I see him beside me. Nathan’s face with his fair eyebrows rising as a reprimand. He’s handsome in a halo and wings.
“Cool wings, bud!”
Rocco says somewhere far off. “Hallucinating. Hey—gun the gas, man.”
“I’m finished but I have an angel buddy to guide me now,” I tell them all.
“Who says you’d get in, jackass? You really think you qualify?” Nathan’s angel apparition answers then chuckles as the lights start to dim.
* * * *
Kate
I’d gulp down my fear, but my throat won’t work, so instead I try to swallow without choking. Zante is driving, but doesn’t say a word or move. Fr
om the dark corner of the unlit passenger side of the limo Ivan appears, no smile, no lines, just menace and a gun. He’s been hiding too low to detect.
“We meet again, Kate Joseph. This time no cameras to complicate things.” Ivan’s gun is trained on Zante, and his shitty gaze on me. He has another pistol pointed straight at me. Ivan fake smiles, and it makes my spine crawl. It’s a twitch of pure ‘ha, I’m an evil bastard and I’m winning while you’re screwed’, thrown in.
“No cameras maybe. But you don’t think Troika will let you get away. Despite what you think, you’re not that clever, you missed half the cameras the last time.”
“No reason to think they can stop me. Considering I know all their tactics. Already have the GPS disabled, so we’re flying free of Troika dweebs already.”
Inside, I’m on fire with injustice and hatred. Ivan’s my dad recast in shoddy metal that deserves to be smelted down and made into an ugly ass spade to dig a grave to bury the thing in.
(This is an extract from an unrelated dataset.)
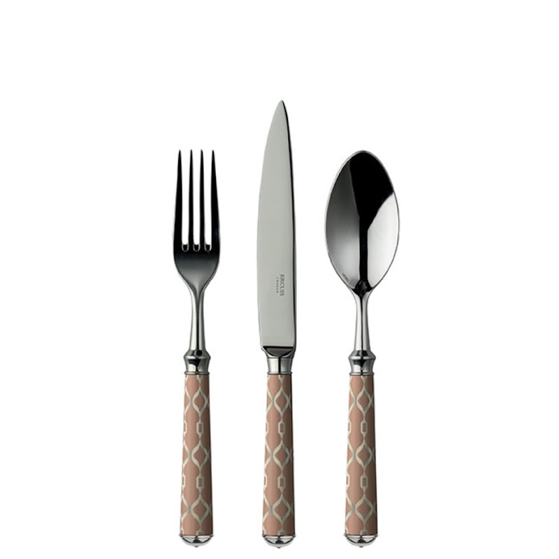 With it’s coloured patterns evoking the key trends of French Decorative Arts.The flatware is lacquered before being engraved with one of the 10 guilloché patterns. It is then silver or gold plated

Bent cop. Evil cop. Worst kind of lowlife bastard.
“What’s that smell?” I answer. Not very cleverly, but under this pressure it’s the only insult I can summon. “Oh. It’s rat cop stench. You’ve been mixing with the wrong people, so I’m guessing money means more than principles or catching bad guys. You stink of bad shit, Falco. Your family must be so proud.”
His eyes screw up with menace. “Sweet. You’d break my heart if I cared. Bet Bullet Man will be gut-speared I’ve trumped him with his squeeze. Your dad and me go way back. Your dad would hand pick me as your future date.”
“If you’re allied with my dad, then I’d die before I’d ever listen to either of you. He’ll screw you in the end. He does that, old habits die hard. He’ll fuck you over and leave you bleeding. He’s that kinda guy.”
Ivan’s smile returns and this one is smug central. “Your dad’s just escaped Gonzales. Your cop bodyguard may look great in a suit, but outnumbered he sucked. You can maybe send flowers to his family and a note that you were the last one to see him alive and send him in there. Duff move, babe.”